Do you see the paradox between the wise words of wisdom about Understanding and our
common experience of having things happen that seem impossible to understand? It can be
confusing, yes? no? yes?

So what is UNDERSTANDING anyway?

Merriam-Webster says: first as a noun, understanding means these things:. a mental grasp,
comprehension. 2a. The power of comprehending, especially the capacity to
apprehend general relations of particulars. 2b. the power to make experience intelligible by
applying concepts and categories. 3a. friendly or harmonious relationship. 3b. an agreement
of opinion of feeling: adjustment of differences. 3c. a mutual agreement not formally entered into
but in some degree binding on each side. 4. Explanation, interpretation. 5. sympathy
But as an Adjective, it means: 1. Knowing, intelligent. 2. Endowed with understanding, tolerant,
sympathetic, as with a kind and understanding teacher who often helps troubled students.

That sounds like something worthy of a great life-long pursuit. But do you feel (as I do) that this
is a difficult and rarely achieved state for most of the people you know? The truth of it is that the 
world is really complicated and overwhelming. Understanding ourselves is a lifelong task that only
people like Thich Nhat Hanh actually manage to accomplish. Understanding someone else is
exponentially harder, and if we don’t understand ourselves, we are likely to project our own 
misperceptions upon them and get into a horrible, twisted mess of a situation.

AND SO MY COUNSEL IS TO LET GO OF THE ATTACHMENT TO UNDERSTANDING.
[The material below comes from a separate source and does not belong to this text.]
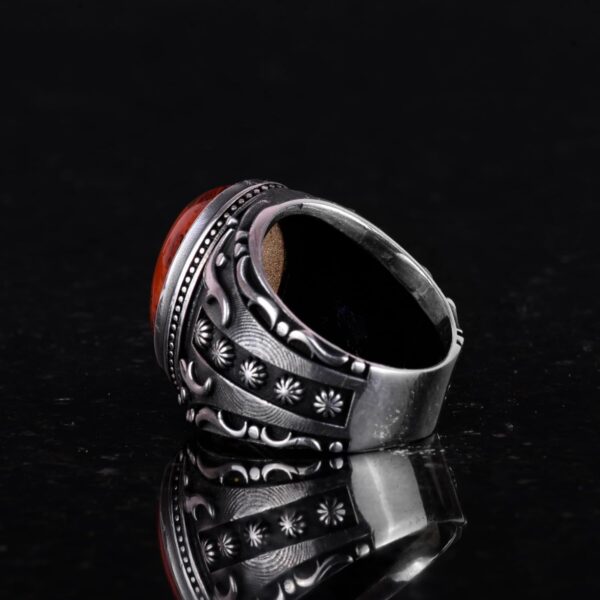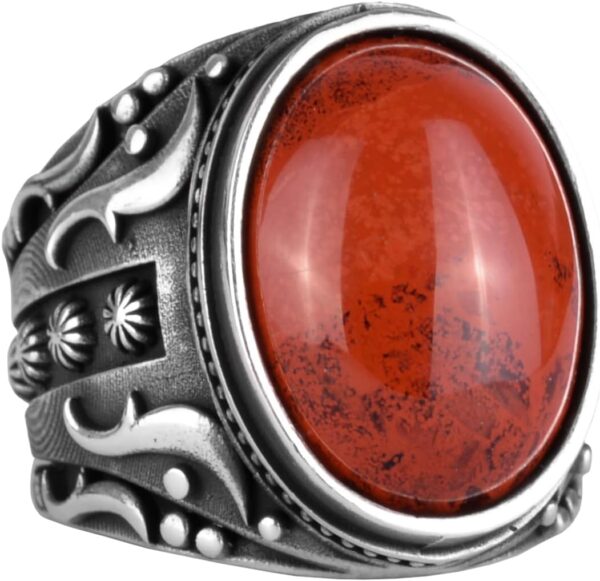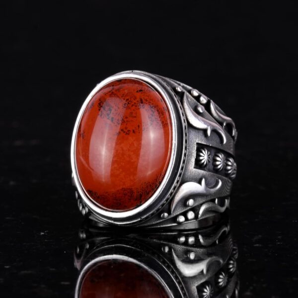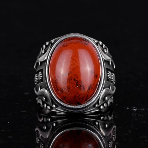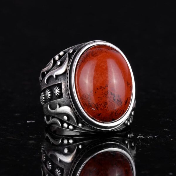 Doğal Kırmızı Kan Taşı Yüzük, 925 Ayar Sert Gümüş Yüzük, Tasarım Gümüş Erkek Yüzüğü

The important words here are the attachment to understanding. It is actually paramount that
we spend our entire life gaining an understanding of our bodies, our emotions, our mind, our
intellect, our spirit. That is the beginning of being able to love our self and others, and the
springboard for healing in the world.

But it is the attachment to understanding that can send us down the infamous rabbit hole of
misperception. And if we think we have reached understanding, we are most likely delusional.
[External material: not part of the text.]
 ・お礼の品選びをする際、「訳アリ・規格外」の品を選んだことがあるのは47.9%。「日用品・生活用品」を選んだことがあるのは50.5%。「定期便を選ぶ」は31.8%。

Follow me here, this is going to expand your mind….. Here is where defining
Understanding and defining Yoga come together in a way that will leave you pondering
it for a long time…..

Patanjali, a 2nd Century Mystic whose Sutras are read by every person in the world who aspires
to become a yoga teacher, starts his treatise on Yoga called The Sutras (which is about the path
to union with God) with the definition of Yoga. Chapter One, verses 1, 2, and 3: “Now begins the
exposition on yoga. Yoga is the cessation of identifying with the fluctuations arising within
consciousness. Then the seer abides in his own true form.”
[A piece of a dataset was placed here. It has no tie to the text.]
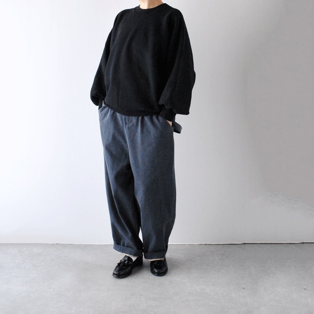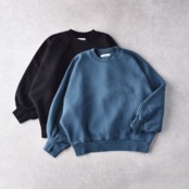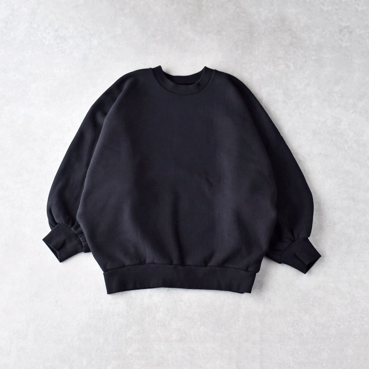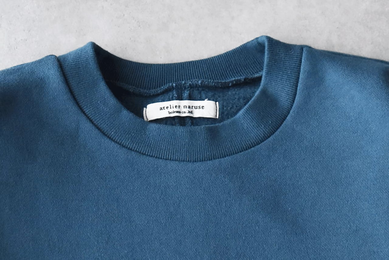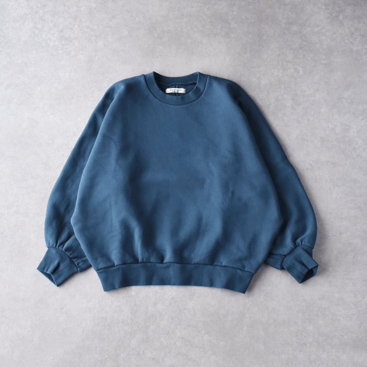 ボディと袖が一体になった個性的なデザインがatelier naruseらしいスウェットプルオーバー。身体がまるでバルーンの中にいるようなリラックス感たっぷりの一枚ですよ。ネックと袖口のリブは程よく詰まっているので、ふっくらとした愛らしいフォルムで楽しんで頂けます。カジュアルな中にもどこかモードな雰囲気があるのも素敵。旧式の編み機でゆっくりゆっくり編み上げた吊裏毛スウェットは、しっかりと目が詰まっていながらふっくら柔らかで、まるで毛布にくるまれているような温かさ。家の中でも外でも一日中着ていたくなると思いますよ。

I invite you to study this work; it is one of the worlds’ great treasures. The key here is in the way
our minds tend to attach to things, like Understanding as a noun or as an adjective. We try, and
we should try to understand what is happening to us, to our family and friends, and in the
world, but we are woefully inadequate to have the capacity to understand these things at the
level of complexity in which they exist. I think as a noun, Understanding is not obtainable in our
present state of awareness--but as an adjective, it can be something we practice. That is my sense 
of what Thich Nhat Hanh is saying about how understanding leads to love.

Don’t fool yourself. Sometimes understanding is just not going to be possible today. Instead of
writing, saying, or believing some sound bite, spend more time listening, learning, asking how
you can be more kind and tolerant and slow down long enough to learn about your own and
your friend’s lives and circumstances. That is the road to Understanding, and it is a loving thing
to do with your time and your attention.